Revisiting the partition of a set of numerical variables through a mixture of Watson distribution on the n-sphere and underlying factor analysis model

Abstract

A key step of any statistical multivariate analysis concerns the choice of variables in line with the main objectives of the study. Usually, the available procedures to face this problem are restricted to a-posteriori statistical analysis, using Bayesian approaches or stepwise selection procedures. The main objective of the present paper is to revisit a framework where the a-priori choice of variables makes sense under specific conditions and to propose a factor analysis model particularly adapted to structured quantitative big data.

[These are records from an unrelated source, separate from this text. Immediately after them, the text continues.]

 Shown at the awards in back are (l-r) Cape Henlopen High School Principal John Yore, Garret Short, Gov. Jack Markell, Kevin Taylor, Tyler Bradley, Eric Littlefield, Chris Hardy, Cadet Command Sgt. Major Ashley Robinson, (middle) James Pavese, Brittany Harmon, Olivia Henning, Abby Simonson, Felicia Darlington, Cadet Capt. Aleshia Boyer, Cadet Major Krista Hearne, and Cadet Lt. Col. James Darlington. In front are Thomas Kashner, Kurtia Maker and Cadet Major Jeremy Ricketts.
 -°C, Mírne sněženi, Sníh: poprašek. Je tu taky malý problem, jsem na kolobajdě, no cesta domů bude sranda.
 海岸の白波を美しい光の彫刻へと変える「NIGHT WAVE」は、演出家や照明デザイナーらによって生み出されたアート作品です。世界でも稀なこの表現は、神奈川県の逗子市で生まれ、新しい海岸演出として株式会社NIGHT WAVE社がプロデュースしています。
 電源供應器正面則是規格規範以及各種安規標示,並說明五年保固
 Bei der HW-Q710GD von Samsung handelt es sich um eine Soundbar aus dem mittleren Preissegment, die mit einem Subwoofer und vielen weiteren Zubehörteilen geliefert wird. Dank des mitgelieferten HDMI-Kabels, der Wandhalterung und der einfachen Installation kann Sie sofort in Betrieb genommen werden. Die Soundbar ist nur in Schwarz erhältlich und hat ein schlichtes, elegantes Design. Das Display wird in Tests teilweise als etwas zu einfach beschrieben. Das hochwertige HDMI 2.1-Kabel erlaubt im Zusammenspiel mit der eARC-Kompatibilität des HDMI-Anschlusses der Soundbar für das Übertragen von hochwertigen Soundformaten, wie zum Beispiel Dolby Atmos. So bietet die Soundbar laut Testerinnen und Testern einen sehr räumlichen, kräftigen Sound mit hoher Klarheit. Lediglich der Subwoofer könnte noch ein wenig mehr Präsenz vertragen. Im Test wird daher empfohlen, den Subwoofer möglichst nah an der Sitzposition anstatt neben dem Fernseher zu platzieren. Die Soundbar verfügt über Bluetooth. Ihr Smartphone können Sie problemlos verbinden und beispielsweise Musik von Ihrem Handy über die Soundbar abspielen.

We have associated our complete sample of variables to a mixture of two bipolar Watson distributions defined on the n-sphere, W ( μ i , ξ i ) , i = 1 , 2 , where μ i is a direction parameter and ξ i is a concentration parameter. The likelihood estimates of the direction parameter μ i is just the first principal component associated of a PCA of cluster i. The identification of the mixture of Watson distribution was obtained by cluster analysis, namely a previous hierarchical cluster analysis followed by a k-means partition of the global sample of variables. These multivariate data were explained by an alternative factor analysis model potentially delivering directly interpretable solutions without the need of rotations procedures. The loadings of this factorial model were obtained by regression. The final results concerning communalities of the 16 variables showed that for a great part of them unit variance was quite well explained by the factorial model.